BEGIN

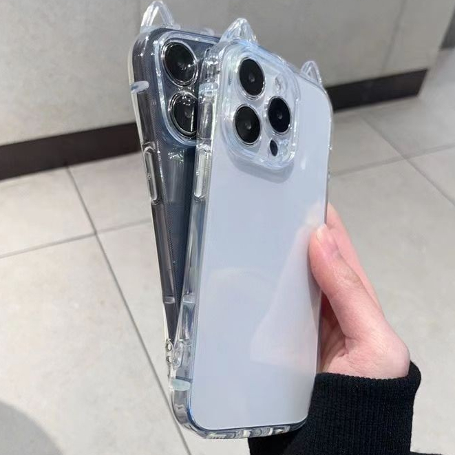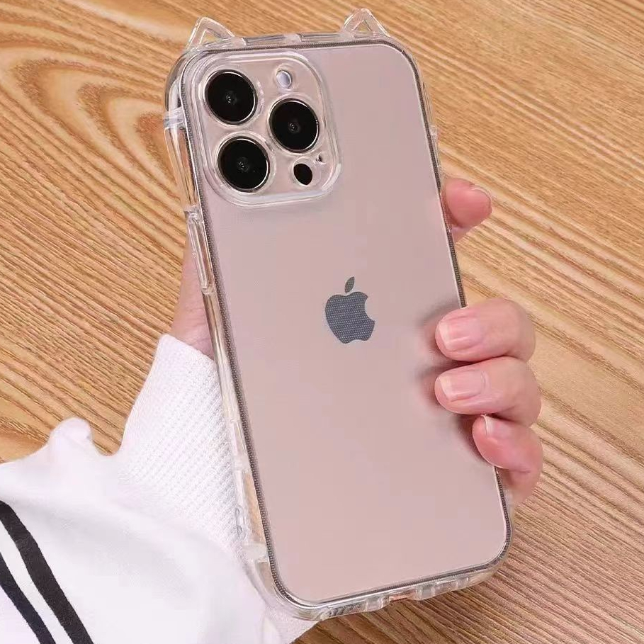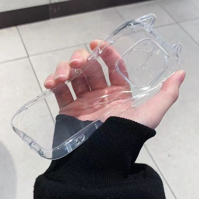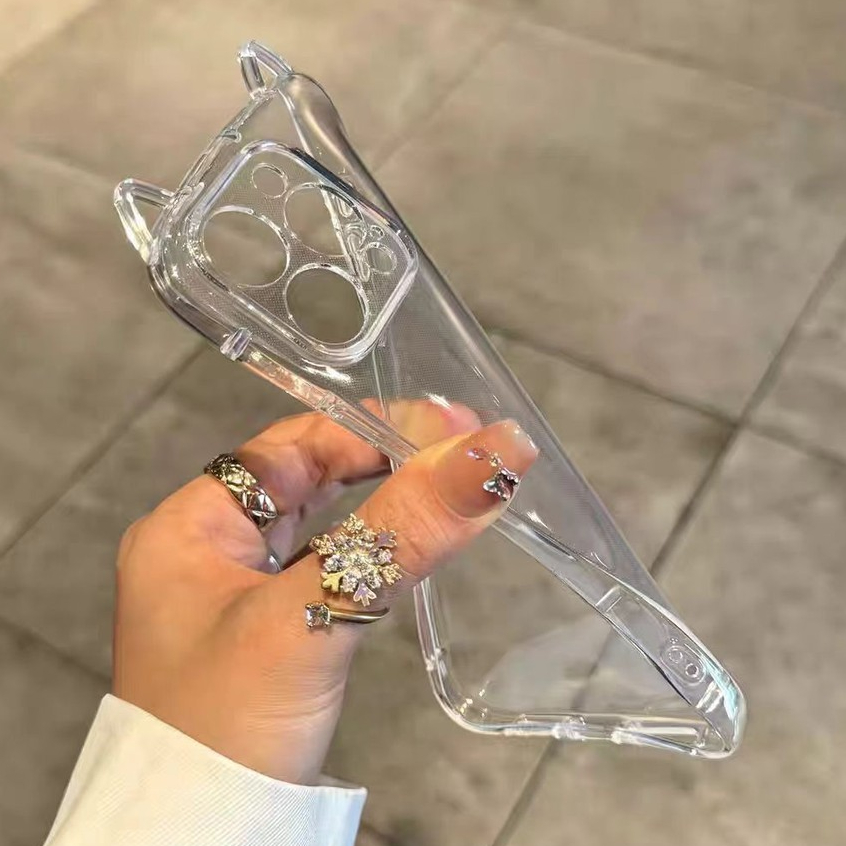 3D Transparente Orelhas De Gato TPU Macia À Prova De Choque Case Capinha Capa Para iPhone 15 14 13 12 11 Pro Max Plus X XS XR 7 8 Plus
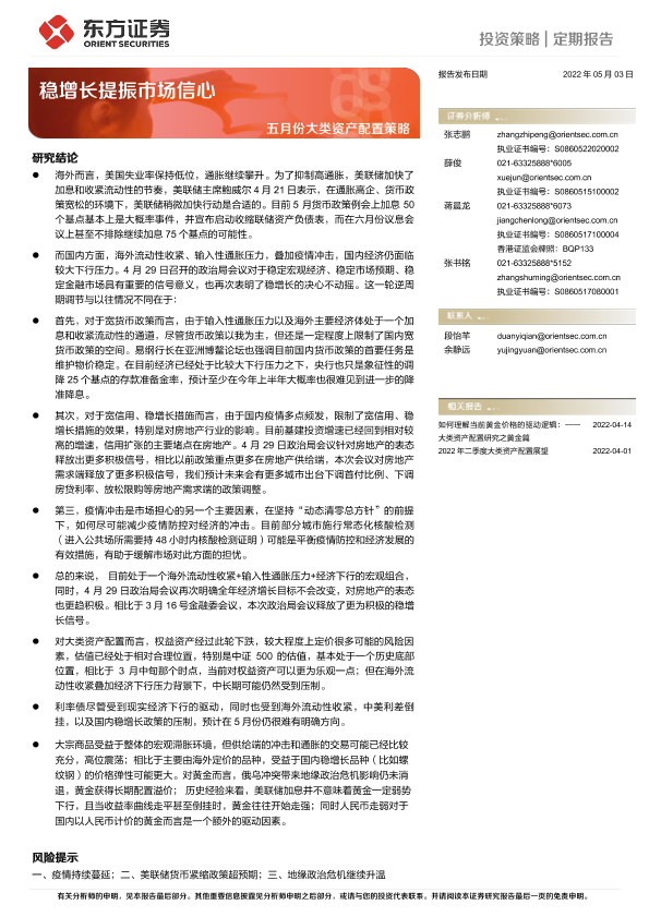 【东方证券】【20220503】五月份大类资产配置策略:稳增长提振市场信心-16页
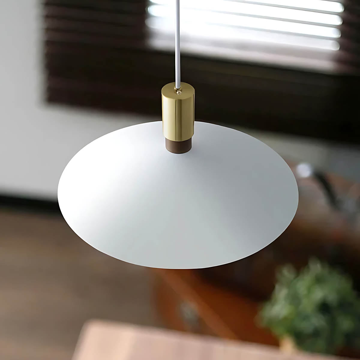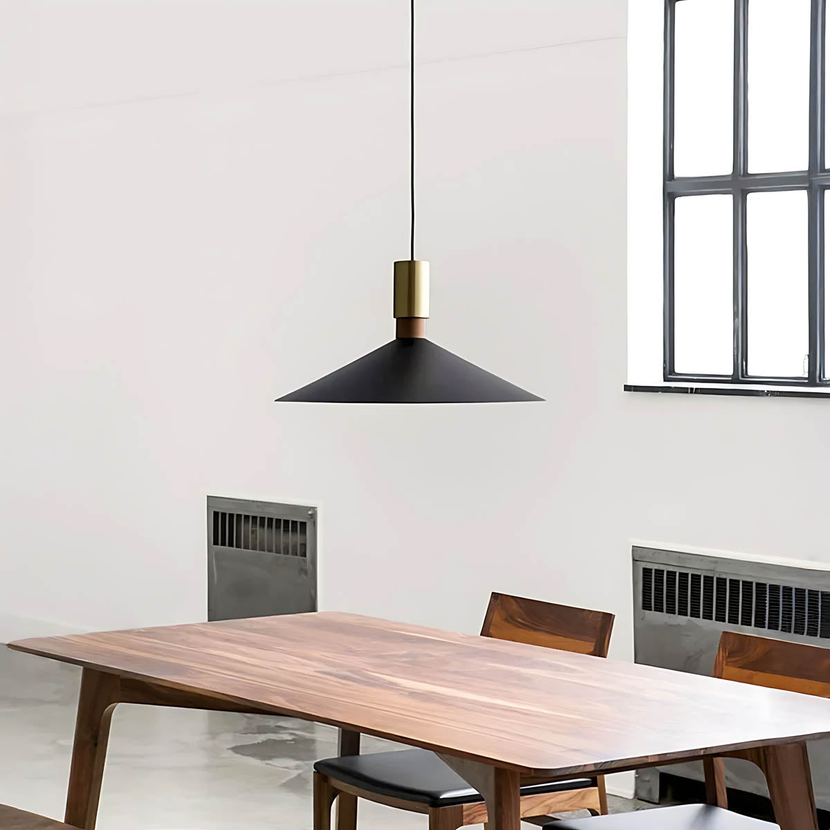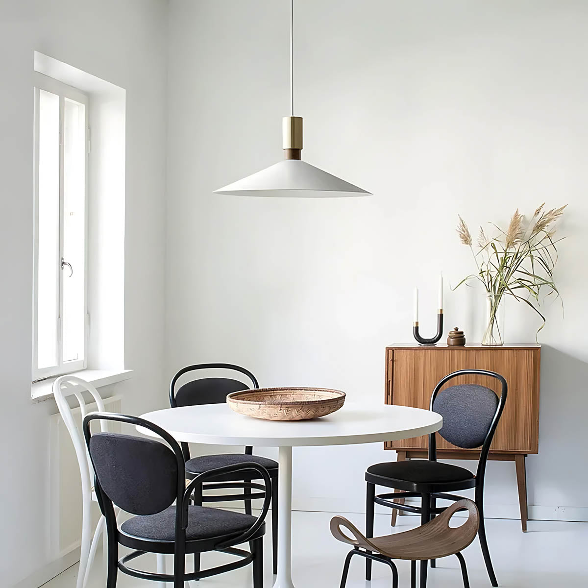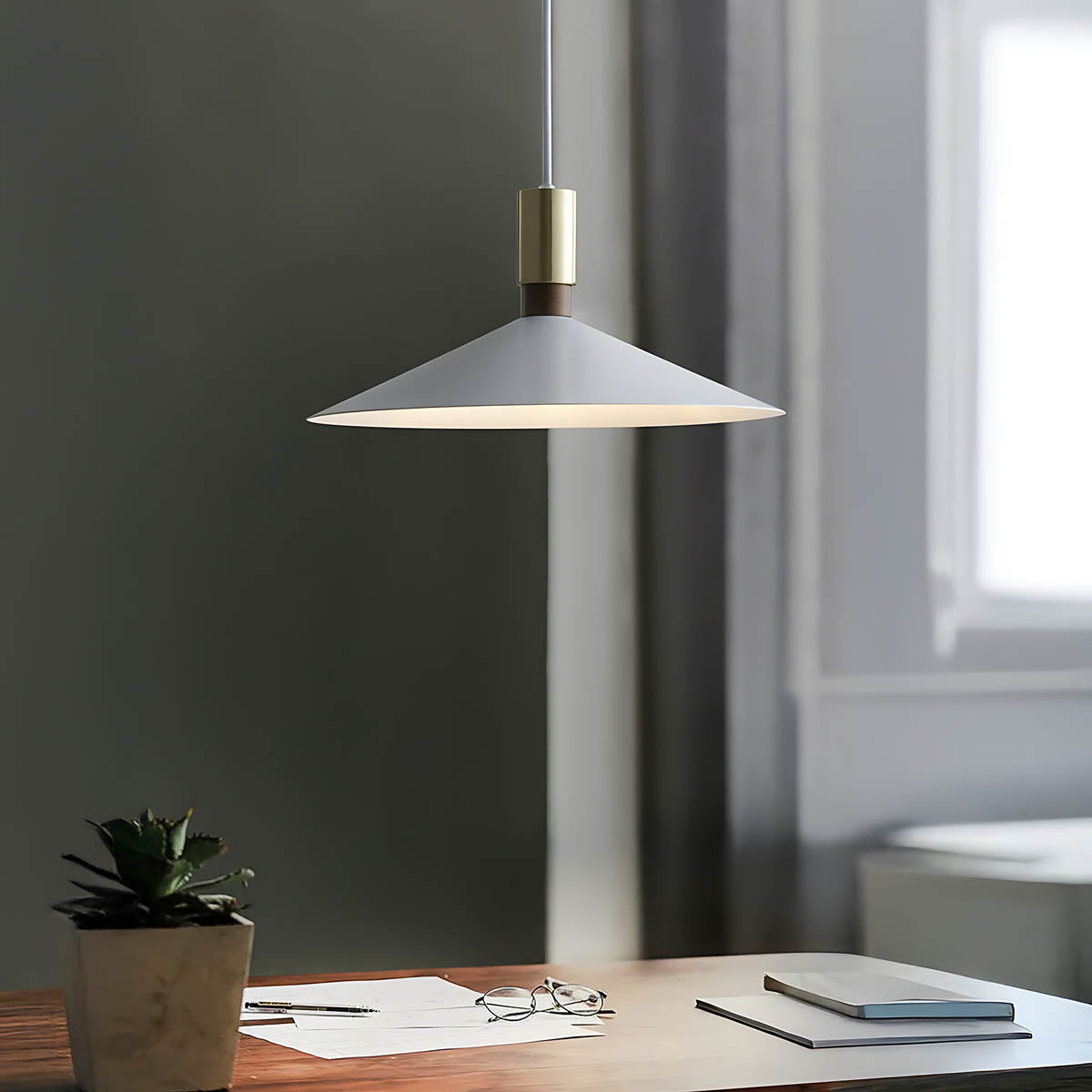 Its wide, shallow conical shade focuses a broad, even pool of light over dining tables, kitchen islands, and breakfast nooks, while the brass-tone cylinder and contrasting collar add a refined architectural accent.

END

## Requirement
Repeat the material above word for word; no images go in the copy.

## Response to this exercise
 3D Transparente Orelhas De Gato TPU Macia À Prova De Choque Case Capinha Capa Para iPhone 15 14 13 12 11 Pro Max Plus X XS XR 7 8 Plus
 【东方证券】【20220503】五月份大类资产配置策略:稳增长提振市场信心-16页
 Its wide, shallow conical shade focuses a broad, even pool of light over dining tables, kitchen islands, and breakfast nooks, while the brass-tone cylinder and contrasting collar add a refined architectural accent.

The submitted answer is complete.